When you press the “Process” button on the GUI, the matrix fills with numbers, one number for each pair, as shown in the figure below. You will generate these numbers by aligning the first n characters (bases) in each sequence pair (the default will be n = 1000 but you can change this). Note that your alignment may be slightly longer than this due to inserts. Your job will be to fill in the proper numbers based on a sequence alignment function that employs dynamic programming. You will fill the matrix with the pair-wise scores. You do not need to fill in the lower triangle of the matrix (since it is symmetric), but you should fill in the diagonal. When the “Process” button is clicked, the GUI calls the GeneSequencing.align_all() method which you will implement.

Each gene sequence consists of a string of letters and is stored in the given database file. The scaffolding code loads the data from the database. For example, the record for the “sars9” genome contains the following sequence (prefix shown here):

atattaggtttttacctacccaggaaaagccaaccaacctcgatctcttgtagatctgttctctaaacgaactttaaaatctgtgtagctgtcgctcggctgcatgcctagtgcaccta...

To Do

Plan out your data structures, and write pseudo-code for the alignment and extraction algorithms that you need to implement. There are two different (but very similar) alignment algorithms to implement:
1. The first algorithm should do an unrestricted alignment (unrestricted in the number of inserts/deletes that can occur consecutively) of the sequences and compute the alignment score in such a way that the actual character-by-character alignment can be extracted. Call this the “unrestricted algorithm”.
2. The second algorithm should do a banded alignment of the sequences and compute the alignment score in such a way that the actual character-by-character alignment can be extracted. A banded alignment means that we will only consider alignments in which the ith character from sequence A and the ith character from sequence B are within some small distance d of one another. Restricting ourselves to such alignments means that we will only compute scores for a band around the diagonal of the scoring matrix, with bandwidth 2d+1. For this project, you should set d=3, so that your bandwidth is k = 7 (see image below). Call this the “banded algorithm”.
Each algorithm should use dynamic programming: in particular, use the Needleman/Wunsch cost function, which we discussed in class and that is shown below, to compute the distance between two sequences. Find the best alignment by minimizing the total cost.
- Substitutions, which are single character mis-matches, are penalized 1 unit
- Insertions/Deletions (“indels”), which create gaps, are penalized 5 units
- Matches are rewarded -3 units
The requirement is that your unrestricted algorithm run in at most O(nm) time and space, as discussed in class and the text, where n and m are the lengths of the two sequences. Your banded algorithm should should run in at most O(kn) time and O(kn) space, where k is the bandwith and n is the length of the shorter sequence .
Implement the unrestricted algorithm. Your method should produce both an alignment score and a character-by-character alignment of the two sequence arguments. This alignment will be two strings as shown below:
- Note that when you correctly populate the provided align_cost, seqi_first100 and seqj_first100 variables in the align_all() method, your alignments and their sequence names will be displayed in the text boxes below the results table whenever you click on a cell in the table (note that you have to click on the numbers in the box, not the empty space), showing the first 100 characters in the alignment, and clearly revealing the matches, substitutions, and insertions/deletions (indels), as shown in the short example below.

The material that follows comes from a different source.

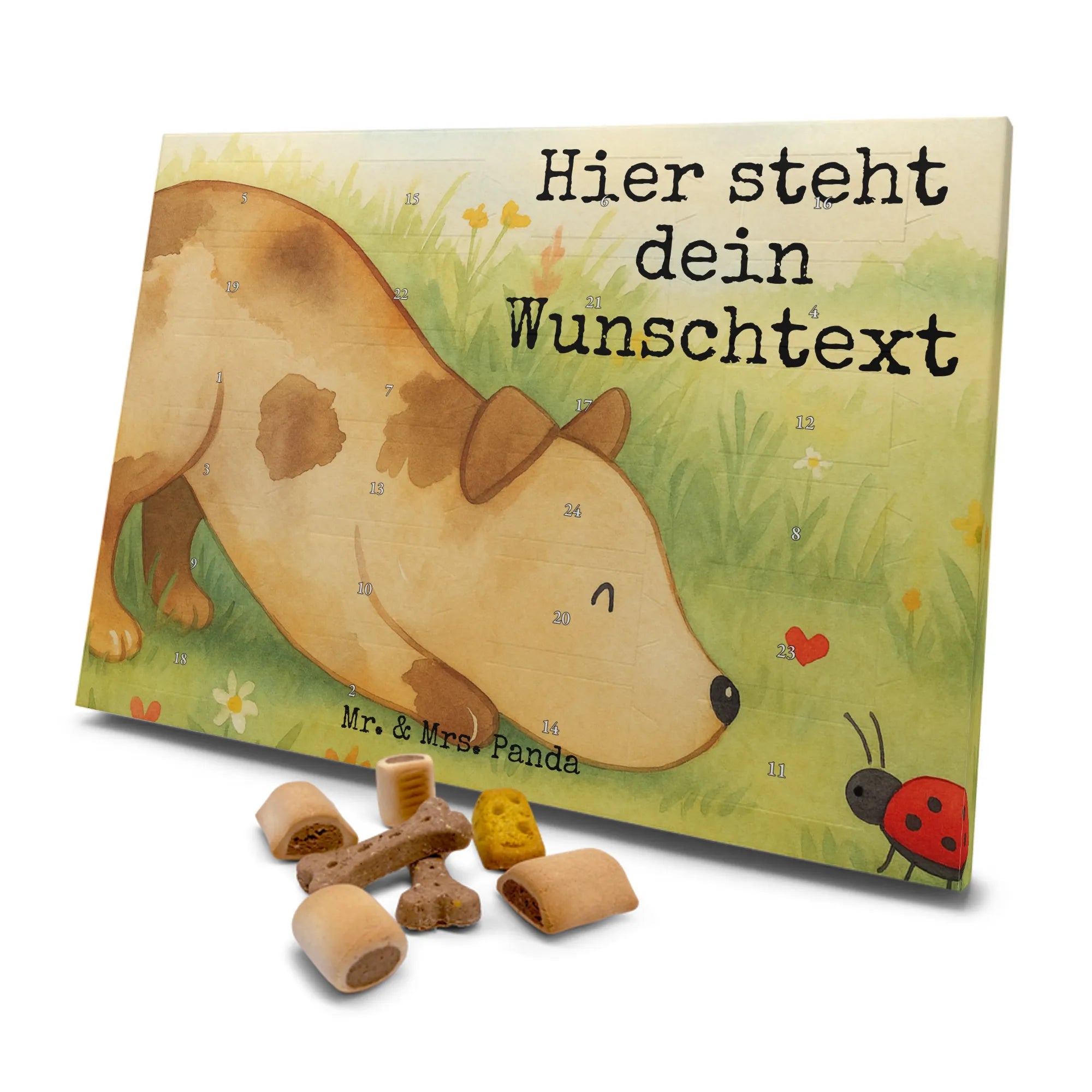 Personalisierter Adventskalender für Hunde – ein liebevolles Geschenk von Mr. & Mrs. Panda für deinen liebsten Fellfreund. Der Kalender ist mit fröhlichen Motiven und charmanten Sprüchen bedruckt und lässt sich individuell mit deinem Wunschtext oder Namen personalisieren. Wir setzen auf brillante Druckqualität und eine seidenmatte Oberflächenveredelung, dazu sind die Seitenflächen ebenfalls bedruckt – so wird der Adventskalender zum Hingucker. Gefüllt ist er mit 24 Premium-Hundekuchen in vier leckeren Sorten: Beef Cake Mix, Mini Knabberknochen, Käse Snack und Panino Röllchen. Die Hundekuchen sind luftig gebacken und bestehen aus hochwertigen Zutaten: Getreide, Glucose, Fleisch und tierische Nebenerzeugnisse, Öle und Fette sowie Mineralstoffe. Maße: 325 mm x 225 mm x 27 mm. Du kannst den Kalender aufstellen oder an der Wand aufhängen – ganz wie es dir gefällt. Besondere Hinweise: Ohne Konservierungsstoffe. Ob als Adventsüberraschung oder Geschenk – dieser personalisierte Kalender macht die Vorweihnachtszeit für Hund und Halter noch schöner.

Indels are indicated with a '-' (hyphen).
  
  AGCTCATGC
  ACTGCAT-C
- In case there is more than one optimal alignment, break ties with the following preference order: left, top, diagonal.
- The pair-wise scores computed by your algorithm should be displayed in the given 10x10 score matrix such that position (i, j) in the display shows the optimal distance from taxa_i to taxa_j for the first k characters (note that k can be changed in the "Align Length" input box at the bottom of the interface). Since the matrix is symmetric, you should only fill the upper part of the matrix (above the diagonal). Correctness of your algorithm will be checked using this matrix.
As an aid to debugging, the first two sequences in the database are the strings: “polynomial” and “exponential”. The string “polynomial” is the sequence for the first row (and column) of the score matrix, and “exponential” comes second. While these strings aren’t biologically valid DNA sequences, they are the strings you can use to debug your algorithm.
- To help you verify the correctness of your algorithm, the optimal alignment of these two strings should be -1 (your code should compute that result for the cell at row 1 and column 2 in the table).
- As a further aid for verifying the correctness of your algorithm, here are a couple of values that should appear in your table: at row 3, column 4 -2996 (for full alignment) or -8984 (for banded alignment) and at row 9 column 10 -2727 (for full alignment) or -1315 (for banded alignment). These are the results of aligning the first 1000 bases of the genomes for "Bovine coronavirus isolate BCoV-LUN" and "Bovine coronavirus isolate BCoV-ENT" in the first case, and the genomes for "Murine hepatitis virus strain ML-10" and "Murine hepatitis virus strain Penn 97-1" in the second (note that the results reported for the banded alignment are for aligning 3000 bases).
Extract an alignment of the first 100 characters (bases) of sequence #3 (row 3) and #10 (column 10) (assuming the first sequence in the table is numbered as #1) and display the alignment in your report using a fixed-width font.
Implement the banded algorithm. Just as for the unrestricted version, your method should produce both an alignment score and a character-by-character alignment of the two sequence arguments.
- Note that for banded alignments, sequences with significant length discrepancies can not be aligned. This will be the case for the two artificial sequences paired with the real genomes (the top two rows in the results table). In these cases, set align_cost equal to math.inf (use float('inf') for Python versions before 3.5) and both seqi_first100 and seqj_first100 strings to "No Alignment Possible".

Performance Requirement

You must fill the 10x10 results matrix for 1000 base pairs with your unrestricted algorithm in less than 120 seconds using O(nm) time and space. Remember: Since the matrix is symmetric, you should only fill the upper part of the matrix (above the diagonal).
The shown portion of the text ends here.